Вокруг все росла груда мертвых тел. Все новые жители Искоростеня выбегали из охваченного пламенем города, чтобы пасть под ударами мечей. Воины, женщины, дети, старики – все стали жертвой в этом избиении. Мертвые падали под ноги наступавшим – их топтали так же равнодушно, как бревна.

Обычно русичи не проливали зря крови пленных, поскольку сильных рабов можно продать с выгодой, пленные – не последняя добыча в походах. Но на этот раз им был дан иной наказ, да и общий раж смертоубийства уже овладел всеми. Было все равно, кого убивать – пригожую бабу, нарочитого мужа или случайно мелькнувшую в толпе спасавшихся от пожара овцу. Люди не замечали, что уже светает, не чувствовали усталости, всех обуяло одно желание – убивать, убивать и убивать!
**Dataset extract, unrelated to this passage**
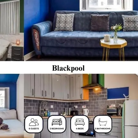 El Bond Street Apartment Near The Promenade With Two Bathrooms And Workspace Blackpool está situado a tan solo 5 minutos a pie de St Peter y a 5 km del aeropuerto internacional de Blackpool.

Когда Мокея обожгло в боку, он даже не сразу это заметил, просто вдруг стало тяжело бежать, сложно увертываться от наскоков, отпихивать разбегавшихся в попытке спастись своих же. В какой-то миг он осел на землю. Снега уже не было – была грязь, смешанная с кровью и порубленной человеческой плотью. Древлян было очень много, некоторые уже пали, иссеченные и искореженные, смотревшие застывшими взорами в небо, другие пытались, как и Мокей, отбиваться, были и такие, кто прорывался, несся к спасительному лесу. Но и там их настигали, опять убивали. Воздух был полон криками ярости и боли, пропитан запахами железа и крови. Мокей попытался ползти, почти бессознательно, почти на одном усилии воли, сам едва ли соображая, что еще жив.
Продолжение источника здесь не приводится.